Machine Learning-Based Malware Detection and Classification Techniques
Ramesh Pokhrel
TLDR
This paper discusses how deep learning and traditional ML models can be integrated to improve classification accuracy, while also addressing issues related to data privacy, algorithmic bias, and accountability, and proposes future research directions to build more robust, ethical, and efficient malware detection frameworks.
Abstract
The continuous evolution of malware has forced cybersecurity professionals and academic researchers to explore advanced methods for detection and classification. This paper examines the application of machine learning (ML) techniques—specifically supervised learning algorithms such as Support Vector Machines (SVM), Random Forest (RF), and Neural Networks—to diagnose and mitigate malware threats, particularly on Windows-based environments. Emphasis is placed on the diagnostic applications of these methods, ethical concerns raised by the integration of ML into cybersecurity, and the future implications of deep learning-based systems. Drawing on current research, the paper discusses how deep learning and traditional ML models can be integrated to improve classification accuracy, while also addressing issues related to data privacy, algorithmic bias, and accountability.
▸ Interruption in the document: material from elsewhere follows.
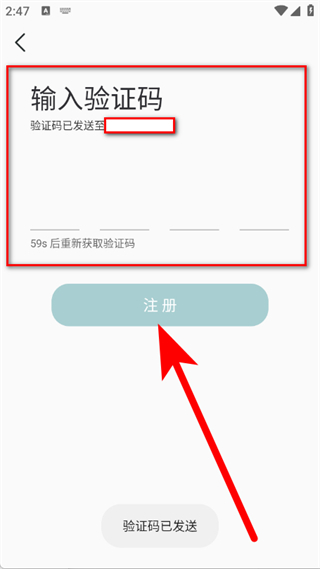 4、在输入验证码页面,输入收到的验证码后,点击注册。

The experimental results synthesized from recent studies provide a comprehensive overview of performance metrics achieved by these models, confirming that deep learning techniques significantly enhance malware classification accuracy. The discussion is further extended to potential adversarial attacks and the implementation of explainable AI techniques to improve transparency in decision-making. This paper is aimed at cybersecurity professionals and researchers in machine learning, offering an in-depth analysis of current methods and proposing future research directions to build more robust, ethical, and efficient malware detection frameworks.